## Information shown

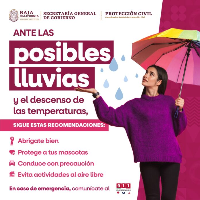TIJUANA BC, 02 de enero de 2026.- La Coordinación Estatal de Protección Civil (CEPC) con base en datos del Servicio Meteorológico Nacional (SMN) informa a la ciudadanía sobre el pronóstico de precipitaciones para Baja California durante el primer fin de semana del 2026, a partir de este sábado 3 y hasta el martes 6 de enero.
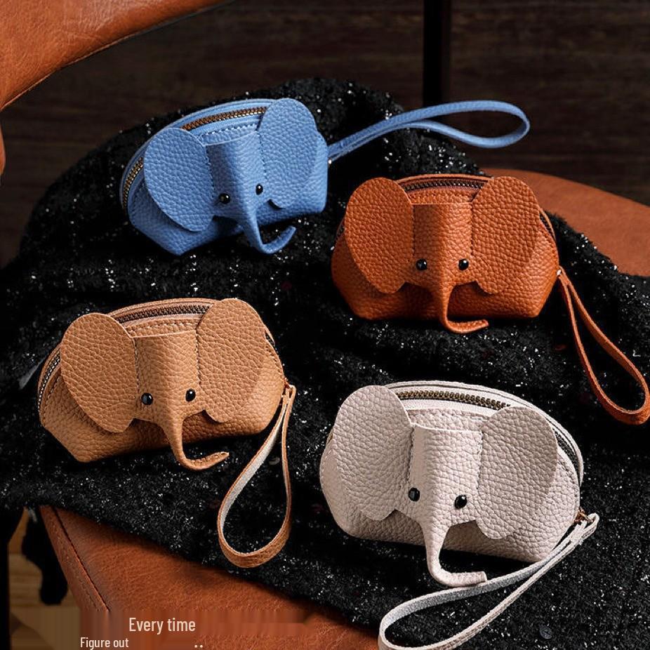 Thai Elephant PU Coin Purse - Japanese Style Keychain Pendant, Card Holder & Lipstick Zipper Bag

---

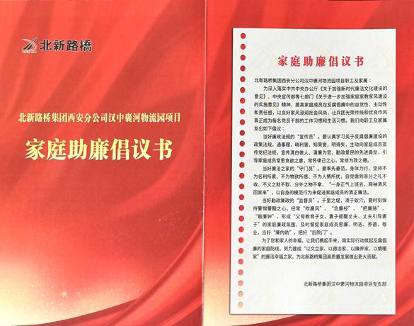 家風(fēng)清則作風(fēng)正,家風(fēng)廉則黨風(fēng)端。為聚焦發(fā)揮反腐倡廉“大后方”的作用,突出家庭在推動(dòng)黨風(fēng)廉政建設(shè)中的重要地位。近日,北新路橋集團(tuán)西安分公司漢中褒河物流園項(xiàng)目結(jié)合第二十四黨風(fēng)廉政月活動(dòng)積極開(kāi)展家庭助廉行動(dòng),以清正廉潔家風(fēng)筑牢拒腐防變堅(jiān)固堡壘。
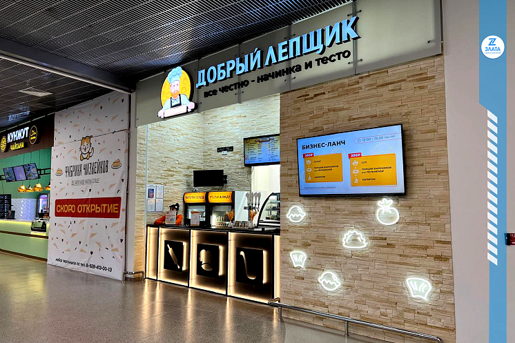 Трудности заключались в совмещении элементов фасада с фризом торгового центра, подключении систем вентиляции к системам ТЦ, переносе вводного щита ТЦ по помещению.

## Your objective
In the records above, everything from the line with "家風(fēng)清則作風(f" down to the line with "Трудности заключались в" is to be set down exactly, both ends included, with no pictures and no other lines.

## Result
 家風(fēng)清則作風(fēng)正,家風(fēng)廉則黨風(fēng)端。為聚焦發(fā)揮反腐倡廉“大后方”的作用,突出家庭在推動(dòng)黨風(fēng)廉政建設(shè)中的重要地位。近日,北新路橋集團(tuán)西安分公司漢中褒河物流園項(xiàng)目結(jié)合第二十四黨風(fēng)廉政月活動(dòng)積極開(kāi)展家庭助廉行動(dòng),以清正廉潔家風(fēng)筑牢拒腐防變堅(jiān)固堡壘。
 Трудности заключались в совмещении элементов фасада с фризом торгового центра, подключении систем вентиляции к системам ТЦ, переносе вводного щита ТЦ по помещению.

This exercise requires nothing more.